Given that this site is what it is, -most- of us have financial ambitions, with code as the means to an end to get us that money.
Back to the free for non commercial use stipulation, I'm just wondering how practical is this model? Is it expected that people do periodic reviews of the success of their projects and make some sort of subjective judgement when they should pay for a license?
Is there room for some other business model to more viably compete with vscode and vscode-forks that are free, while still creating paychecks for JetBrains?
Practically speaking, the license is probably much closer to "if you are making prodigious amounts of money, and you are using our software, then you had better buy a license to avoid a legal situation."
RubyMine isn’t the editor of choice for many of my fellow rubyists, but it is for me—IntelliJ’s LSP alone is a godsend when you’re diving deep into debugging weird gems. I have tried ruby-lsp from Shopify and it gets 95% there but that last 5% is what makes me hyper-productive.
Most of the community is on VS Code. We did have a weird, loud Danish guy using TextMate until recently, but I guess he switched to neovim.
Having said, RubyMine was very popular when ruby was on HN as much as AI is today. It hasn’t kept up, just like Sublime has been largely replaced by VS Code.
Yeah I mean Facebook, Wordpress, Wikipedia... but are you going to start a new project in PHP today? I bet all of them wish they weren't using Ruby. (Well probably not because they'll attract devs that love Ruby, but you get the point...)

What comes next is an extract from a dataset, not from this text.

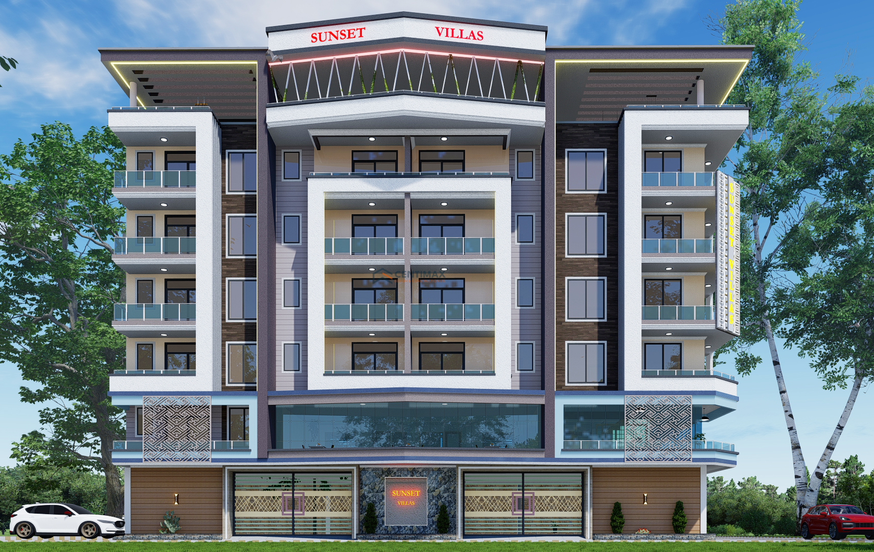 The design language of Sunset Villas focuses on bold geometry and premium material finishes. We utilize a palette of neutral tones, accented by charcoal frames and warm wood-textured panels to create a look that is both sophisticated and inviting.

Anyway in terms of concrete numbers the best thing I've found is to look at Github PRs/projects/stars. This site is really cool: https://madnight.github.io/githut/
Ruby was quite popular at the start of the chart in 2014 when it was more popular than Java! But gradually waned until about 2020 where it seems to have stabilised at "not very popular", just behind PHP.
Go and Typescript seem to have taken its place, which makes sense because they're both much better languages.

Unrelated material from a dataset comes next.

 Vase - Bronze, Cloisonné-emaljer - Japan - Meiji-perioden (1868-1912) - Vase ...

I'd take that bet. At scale, (and those 3 are the definition of scale) you can mitigate some of the downsides of Ruby (i.e. speed), but you can't recreate the upsides (i.e. developer satisfaction, learning curve, flexibility) elsewhere.
> Go and Typescript seem to have taken its place, which makes sense because they're both much better languages.
Again: depends on the metrics you're considering. I would certainly consider Go much better than ruby on some metrics, but most definitely not all - and importantly, if I put all of it on a scale (and this is where bias comes in), I still give the edge to Ruby over both of those.
Someone who's building a startup. Time to market and not succumbing to the desire to quit is #1 when you're building from the ground up.
You DGAF about making changes to a large codebase when you have no codebase...
I don't think Typescript or Go have a worse developer experience or learning curve than Ruby. You can learn Go in a week. They both have better tooling and higher developer satisfaction (admired/desired) scores than Ruby according to Stackoverflow's survey.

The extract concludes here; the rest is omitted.